Перестав жевать, Русик отвернулся к морю, и оно стало для него мутно-серым, будто застелил воду сплошной туман, и волны приглохли, и морось, приносимая ветром, казалась теплой. Почему никто, кроме матери, не верит ему, что отец в долгом плавании, жалеют его, а то подшучивают: «Не вернется, бросил тебя, шибко рыжим уродился». С фронта без вести пропавшие приходили... Отец ведь живой, работает матросом первого класса на большом танкере «Орел»... Но недолго огорчался Русик, он не умел быть сердитым, любил отца, немножко помнил его и всегда верил ему. Вот он в морской робе, невысокий, зато крепкий и разворотливый, чуть раскачиваясь, идет по палубе танкера, осматривает свое хозяйство: тросы, лебедки, шлюпки, запасные якоря. За бортом бушует Атлантический океан, выпрыгивают из воды летающие рыбы и дельфины, волны перекатываются через железную палубу, вдали виднеются тропические острова. Отец стоит на носу «Орла», лицо ему секут острые брызги, он смотрит в бинокль — нет ли какой опасности. Танкер выполняет важный рейс — везет на Кубу тысячи тонн нефти...
— А этот, новый, тебя не обижает?
— Иван Сафонович? Он Нинуськин папка.
— Понятно, что не твой, потому и спрашиваю.
— Не-е. Он только долго разговаривает. Жить меня учит.
— Занудный тип, знаю.
— Мама говорит: хозяйственный мужик.
— Ясное дело, мимо своего рта ложку не пронесет. Видал я таких мужиков: пока молодые — бойкие шибко, а опосля, как зачахнут, местечко тихое ищут, возле чужого тепла погреться, хозяйственными делаются... Был у нас такой, тоже приезжий, году в сорок шестом, в порту работал. Ну, теперь краны, техника, а тогда горб грузчика, биндюжника — вся механизация. По двенадцать и более часов с мешками, ящиками бегали из трюмов на пирсы. Паек, правда, хороший получали, дополнительный. Ты вот и не понимаешь, любимец, какая такая штука карточная система. Так ведь?
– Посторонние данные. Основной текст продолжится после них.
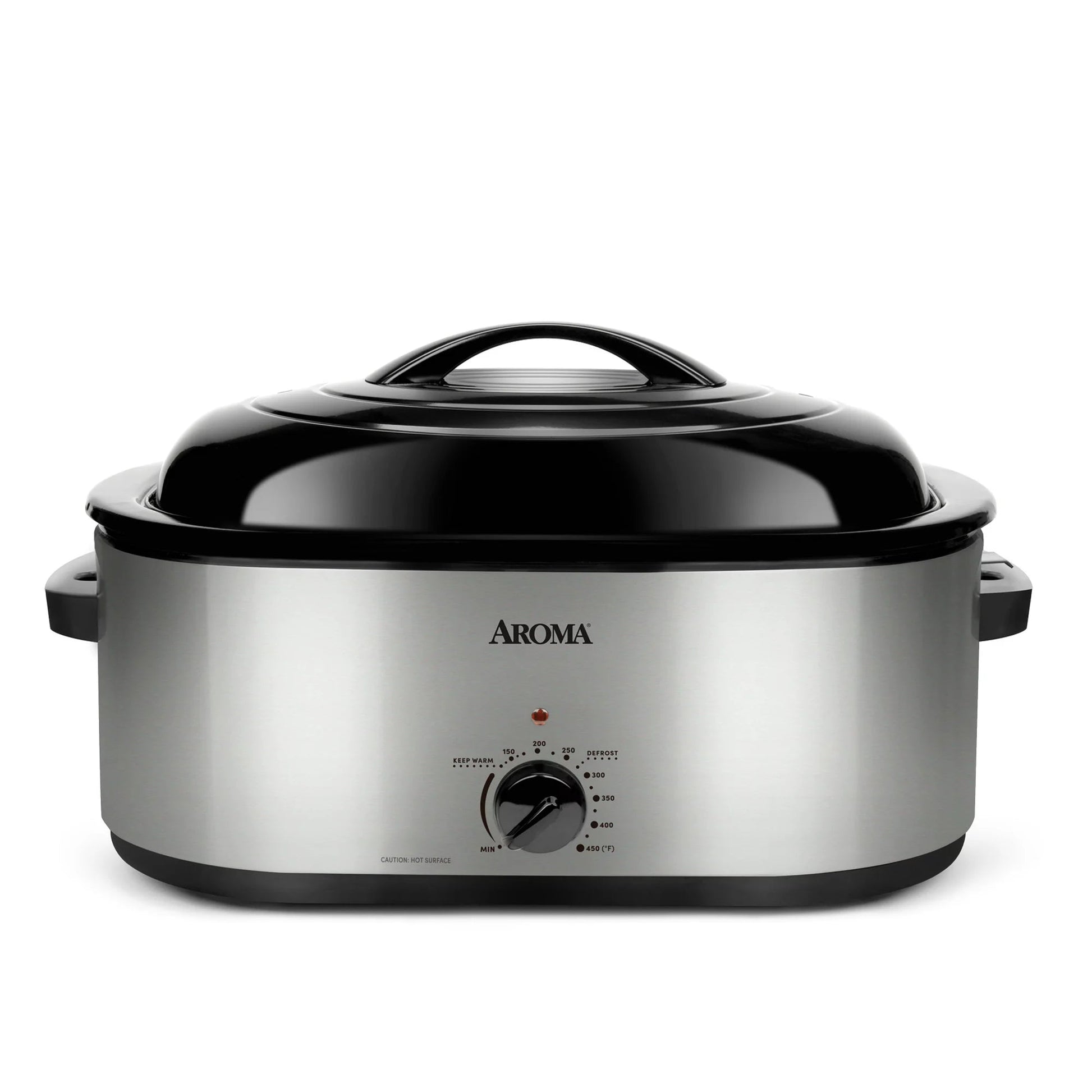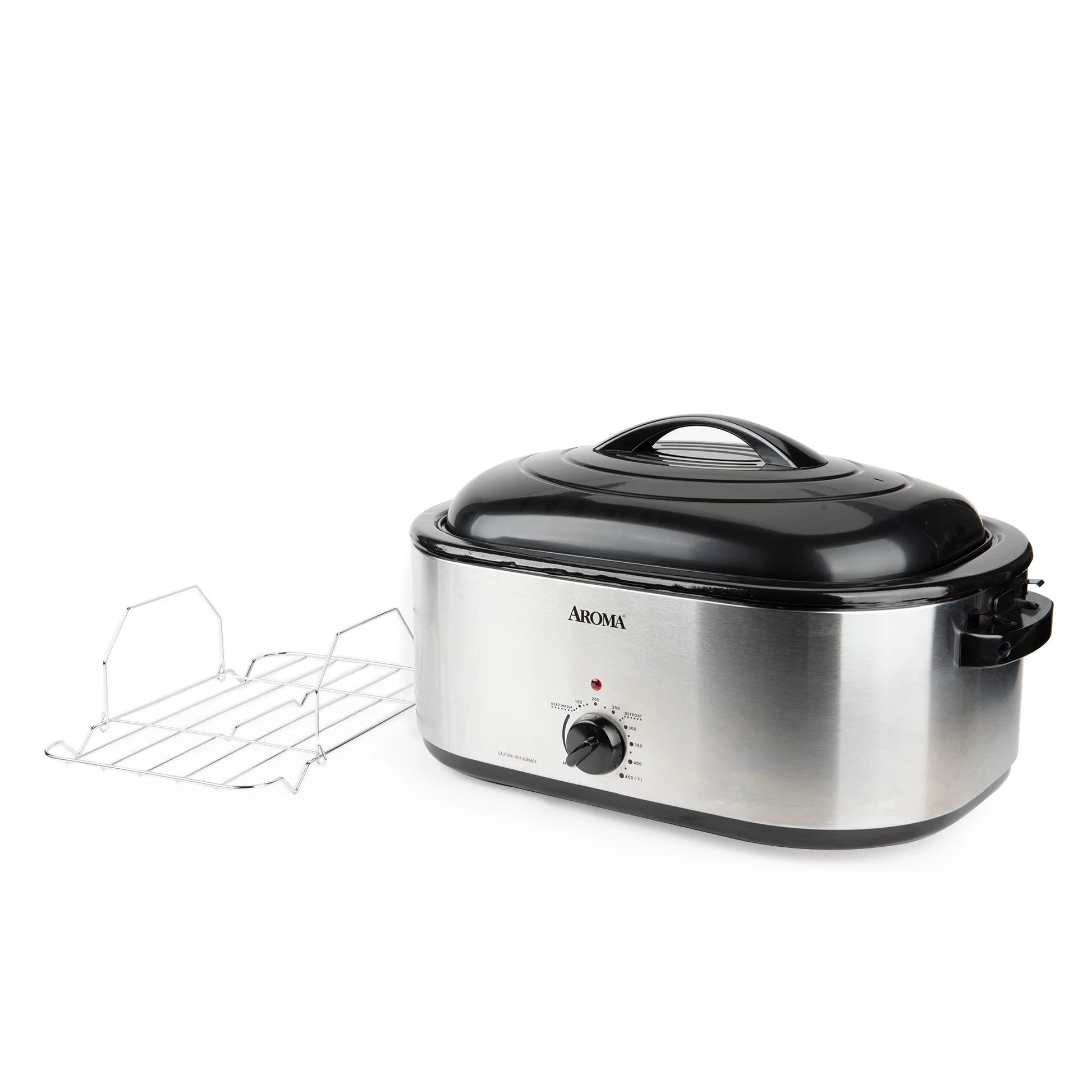 Aroma 22 Quart Electric Roaster Oven Stainless Steel with Self-Basting Lid, ART-712SB

— Хлеба мало давали. Мама рассказывала.
— Всего мало давали, а то и вовсе нечего было давать, война все съела. Ну, мы артельно жили, кашеваркой у нас Сонька моя работала. Главное — еда горячая да чтоб сполна, иначе пропал. И не отрывайся от артели, это еще важней: поможет, выручит братва — заболел, или пропился, или семье помочь надо. Каждый ведь человек, у кого ошибок не бывает. Даже конь, говорят, о четырех копытах и то спотыкается, пароход в тыщу лошадиных сил на мель садится. А человек — он как ты да я. Вроде крепкие, в душе могучие, а пойди вон к волне, стань — шибанет о камень, и нету нас, хороните, люди, красивые трупы.
— Ты про мужика хотел...
— Я и подвожу к мужику этому дело. Мы, значит, артельно живем, спины гнем, кашу хлебаем, он — в одиночку. Бегает по трапам вместе с нами, помалкивая, а как обед — в сторонке паек свой поедает. Исхудал мужик, несмотря что Сонька подкармливала из артельного котла остатками. При нас не брал, правда, стыдился. Опосля выяснилось: паек на Привозе продавал, на рынке, денежки скапливал мужичок, хотел богатым уехать в Россию. Не знаю, как бы у него вышло, может, выдюжил голодовку, да тут денежную реформу провели, а у него весь капиталец хранился в сундучке. И получил хозяйственный мужик за кажную десятку по рублику. Тебе не понять, любимец, такую трагедию. Не выдержала душа, пошатнулась, в психиатричку попал наш приезжий биндюжник. Жалели мы его, навещали. Через какое-то время, правда, оклемался, вышел на волю, к нам не пошел, умно оценил обстановку — мужиков мало, вдов вдоволь,— прибился к одной с домом, садом, огородом и по сю пору на Привозе фруктами-овощами торгует Гладкий, краснорожий, довольный жизнью. Меня презирает, Соньку не узнает. А я всегда ему говорю: «Привет, биндюжник!» И запою иной раз: «Шаланды, полные кефали...» Шипит, бормочет, милицией пугает, прибил бы меня: я ему прошлое напоминаю, а он там душу свою оставил; семью — где-то в России, а душу — в тех днях, когда горелые остатки из котла доедал. Вот как бывает, любимец милый! Да что ж я тебе, мальцу, про это рассказываю? Заболтался совсем.